美國海軍驅逐艦「拉斐爾·佩拉爾塔號」封鎖了懸掛伊朗國旗的原油油輪「溪流」號。
「拉斐爾·佩拉爾塔號」驅逐艦正在對懸掛伊朗國旗的原油油輪「溪流號」實施海上封鎖。
法新社
總之,任何交易的魔鬼都藏在細節裡,而不是真相大白那篇文章裡。 (等到最終的細節曝光時,所有奧巴馬和拜登的前官員都會準備好告訴《紐約時報》,這比2015年的《聯合全面行動計劃》還要糟糕。)


同時,伊朗人發現,封鎖霍爾木茲海峽在經濟戰中所扮演的角色正如他們一直希望的那樣強大。儘管俄羅斯人戲稱其為“經濟核武”,但這並非如此,因為與核武不同,它是可以實際使用的。



接下來的走向基本可以預見。如果川普現在就部署地面部隊,我會感到驚訝。談判還會繼續。如果伊朗重拾北越的策略,拖延美國談判代表,或許就得再次進行轟炸。最終達成妥協所需的時間也會比市場先生目前預想的要長。預測市場的共識是,霍爾木茲海峽將在6月底恢復正常,但別忘了:

亨利·基辛格花了四個月才解除1973-74年的石油禁運。



這場戰爭將如何影響中東?誠然,美國仍然擁有軍事優勢,而中國似乎也不願成為新的區域霸主。但卡特主義似乎已不再適用。 1980年,茲比格涅夫·布熱津斯基曾提出一項關鍵原則:「任何外部勢力企圖控制波斯灣地區,都將被視為對美利堅合眾國重大利益的侵犯,美國將不惜一切手段,包括武力,予以擊退。」如今,伊朗似乎仍控制著霍爾木茲海峽。所謂超級大國,不過如此。


然而,即便未來某個時候海峽被宣布“開放”,也沒有人會相信它是安全的。沙烏地阿拉伯和阿聯酋可以選擇建造更多管道基礎設施來繞過這個咽喉要道。但伊拉克和科威特的石油以及卡達的液化天然氣將面臨新的、持續的風險溢價。所有海灣國家都在反思,他們與美國的關係究竟能為他們帶來多少保障。答案是:不多。所有那些曾經認為在沙漠中建造資料中心是個好主意的西方投資者,也都紛紛返回美國。

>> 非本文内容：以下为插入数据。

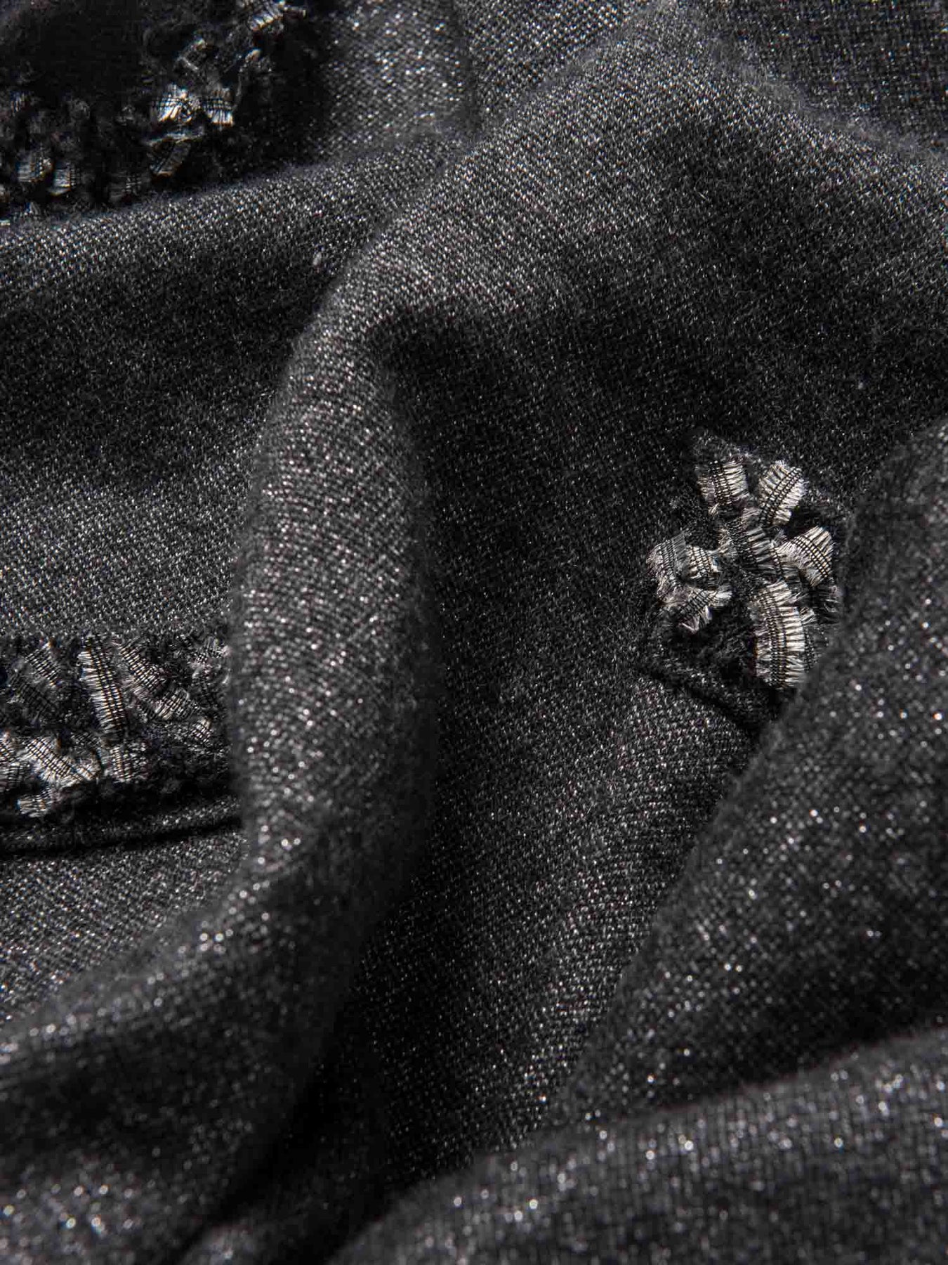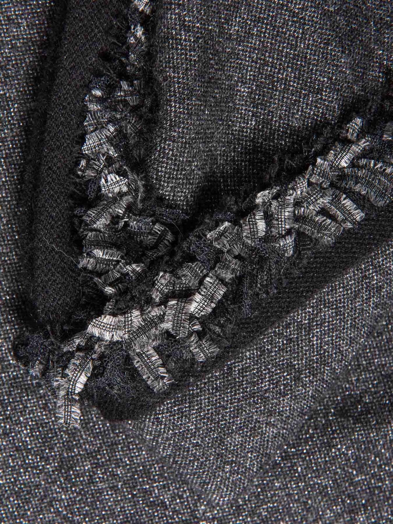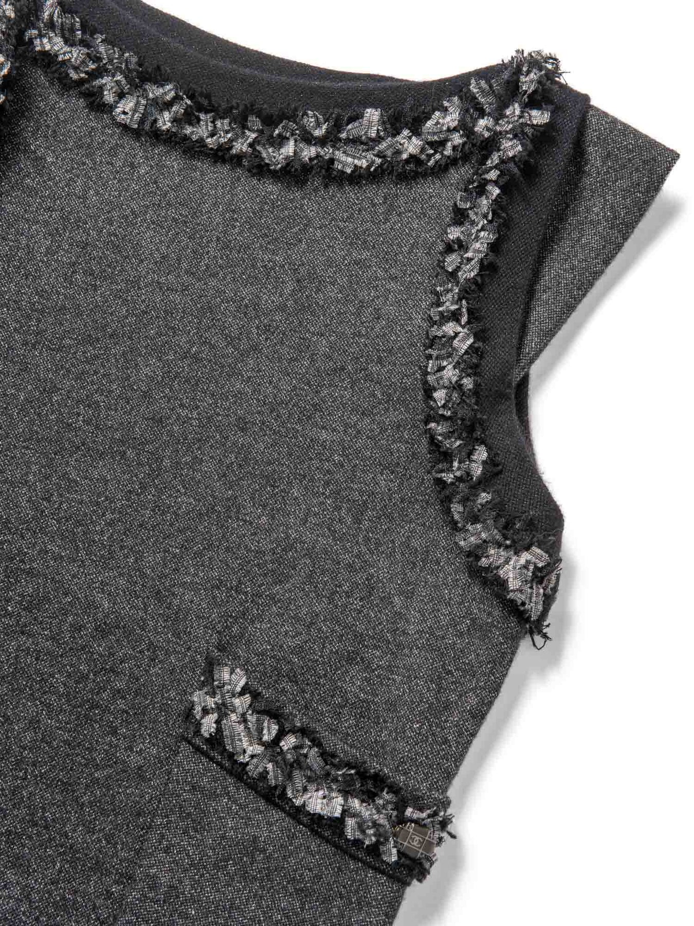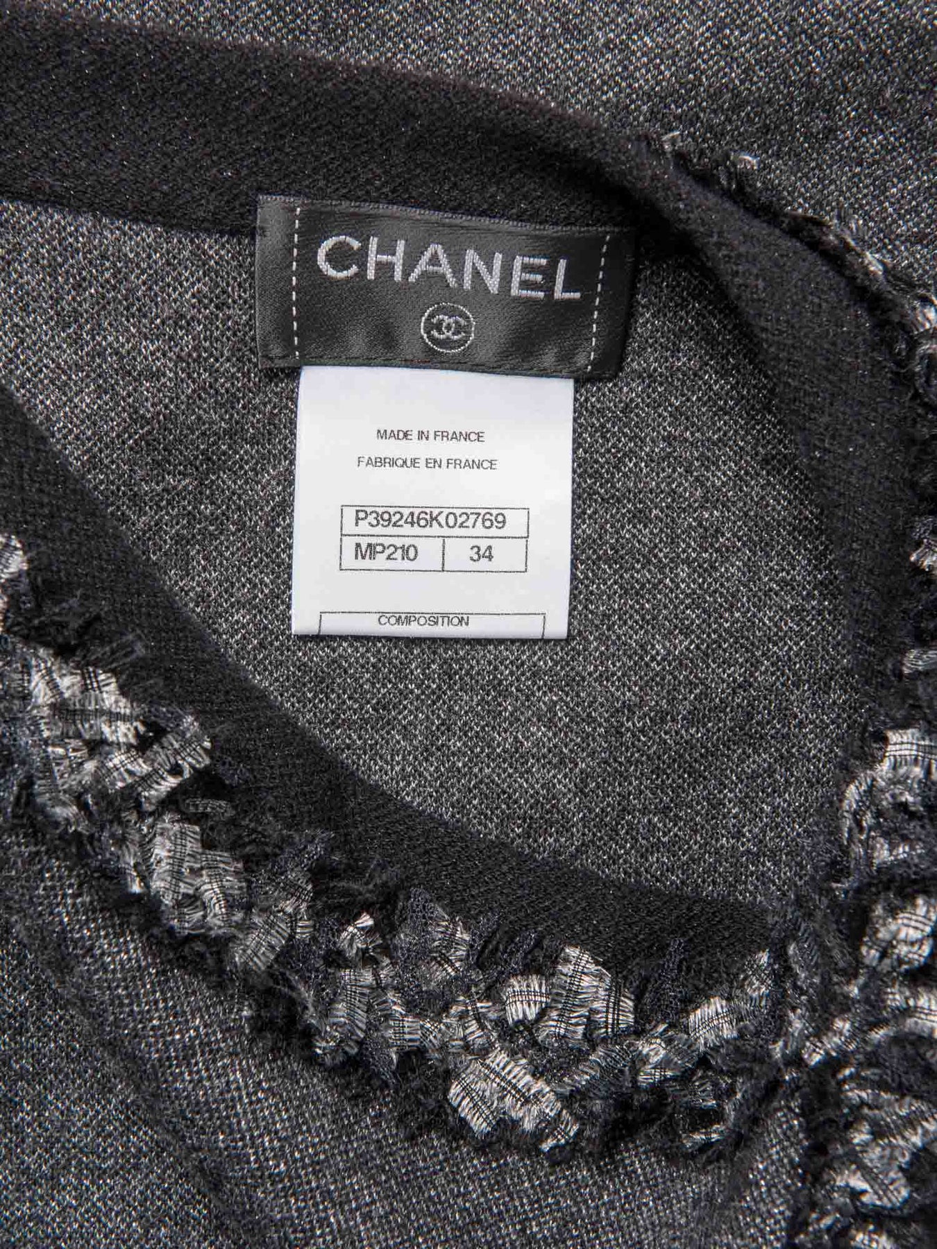 CHANEL Cashmere Dress or . This CHANEL dress is in a heather grey cashmere/silk fabric blend with shiny fringe embellishments along the collar and sleeve openings. It features two front pockets and the fabric is lined woven with sparkling material for a stunning look.

然後是以色列。本雅明·內塔尼亞胡賭定能在美國的支持下推翻伊斯蘭共和國。政權垮台或許終會發生,但這絕非主要結果。我統計了一下,自去年六月以來,川普已經對內塔尼亞胡強加了四次停火協議。以色列必須在十月前舉行大選。誰會勝出,誰也說不準。 (我個人看好內塔尼亞胡的競爭對手納夫塔利·貝內特和亞伊爾·拉皮德組成的新聯盟。)
一隻手指向霍爾木茲海峽的數位地圖,地圖上顯示了船隻位置。
法國指揮官托馬斯·斯卡拉布爾指出霍爾木茲海峽中船隻的位置。
Fred TANNEAU/AFP/Getty Images


跨大西洋聯盟或許是這場戰爭中最大的受害者。
大多數歐洲人和英國人尚未意識到他們的領導人與川普團隊的關係有多麼疏遠。歐洲人可能只有在俄羅斯試探他們底線時才會真正意識到代價有多大。無論馬克·呂特能否在7月挽救安卡拉北約峰會,弗拉基米爾·普丁都清楚,川普對北約的承諾已經嚴重削弱。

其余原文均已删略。